The culture, glory and tolerance so emblematic of this new dynasty are portrayed unconventionally. "Rather than retell the history of the Middle Ages, or even that of medieval Spain," Menocal has "strung together a series of miniature portraits that range widely in time and place, and that are focused on cultural rather than political events" (pp. 12-13). Her necklace consists of two introductory chapters; sixteen portraits that move in time from 786 to 1615 and in place from Cordoba to Damascus and Alexandria, back to Cordoba, and on to Toledo, Seville, and small towns in the Pyrenees; and two concluding chapters -- the final one little more than a pious attempt to bring a work published in 2002 about Arab and Islamic themes into harmony with prevailing opinions in the United States.
The Case for Islamo-Christian Civilization, by Richard W. Bulliet. Columbia University Press, 2004. 192 pages. $24.50, hardcover.
Mustafa Malik
Freelance journalist
What went wrong in Iraq? Bernard Lewis, the author of the book What Went Wrong? and other promoters of the Iraq war got it all wrong when they thought that Muslim societies need to be and can be remade in the Western image.

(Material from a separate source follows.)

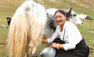 在青海省玉树藏族自治州治多县治渠乡同卡村,村民昂文西让的妻子布沙措江卓玛正在挤牛奶(9月12日摄)。新华社记者韩方方摄
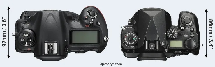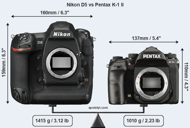 The side-by-side display below illustrates the physical size and weight of the Nikon D5 and the Pentax K-1 II. The two cameras are presented according to their relative size. Three successive views from the front, the top, and the rear are shown. All width, height and depth dimensions are rounded to the nearest millimeter.

Few American intellectuals have argued this point as forcefully as Richard W. Bulliet in The Case for Islamo-Christian Civilization. America's policy toward the Middle East, the author says, is driven by hubris, which has blinded its political and intellectual establishments to the cultural realities of Muslim societies. Cultural insensitivity characterized the American missionary campaign in Muslim lands prior to World War II. It was a colossal failure. That blinding hubris now threatens to undermine the so-called "war of freedom against tyranny" (p. 119) in the Middle East, of which Iraq is supposed to be the first phase.

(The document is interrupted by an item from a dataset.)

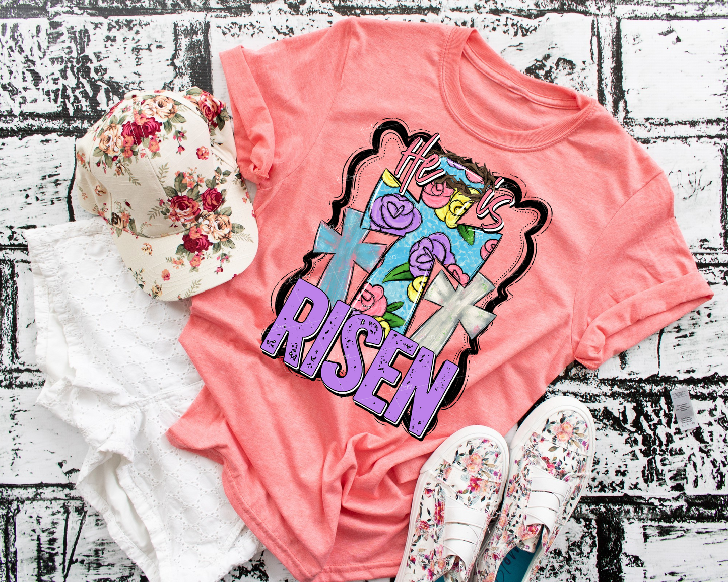 He is Risen (three cross blue & silver, floral fill, purple block lettering, black frame) 1947 DTF TRANSFER
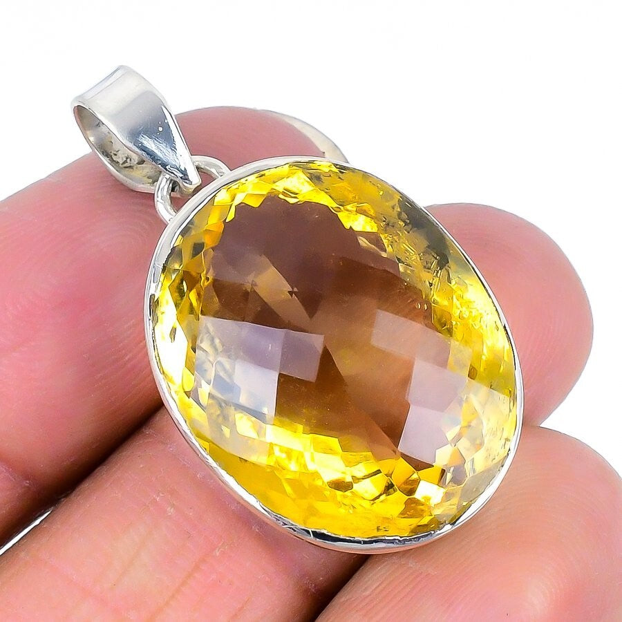 Citrine Faceted Stone 925 Sterling Silver Birthday Sister Boho Pendant Jewelry

Bulliet's refreshing insights into Muslim societies derives from extensive fieldwork in the Middle East that began a half-century ago. His substantive research on different facets of Islamic civilization has produced several titles that are both highly readable and intellectually nourishing. A professor at Columbia University, the author says U.S. policy in the Muslim world betrays a naïve aspiration to be loved by others. The problem is that those who proclaim that aspiration want Muslims to love them "for our values" without entertaining the "thought of loving them for their values" (p. 116). This mindset stems from the notion that the West has found the ultimate recipe for happiness and fulfillment, not just for Westerners, but for all humanity. This Orientalist perspective was the hallmark of the Middle East studies program launched during the Cold War. The avowed purpose of the program was to win "hearts and minds" in the Middle East, where Soviet communism had posed an ideological challenge to America. The Americans who participated in that program seldom bothered to inquire about the values and aspirations of Arabs and Muslims and were firmly convinced, as Daniel Lerner famously put it, that "what the West is . . . the Middle East seeks to become" (p. 104).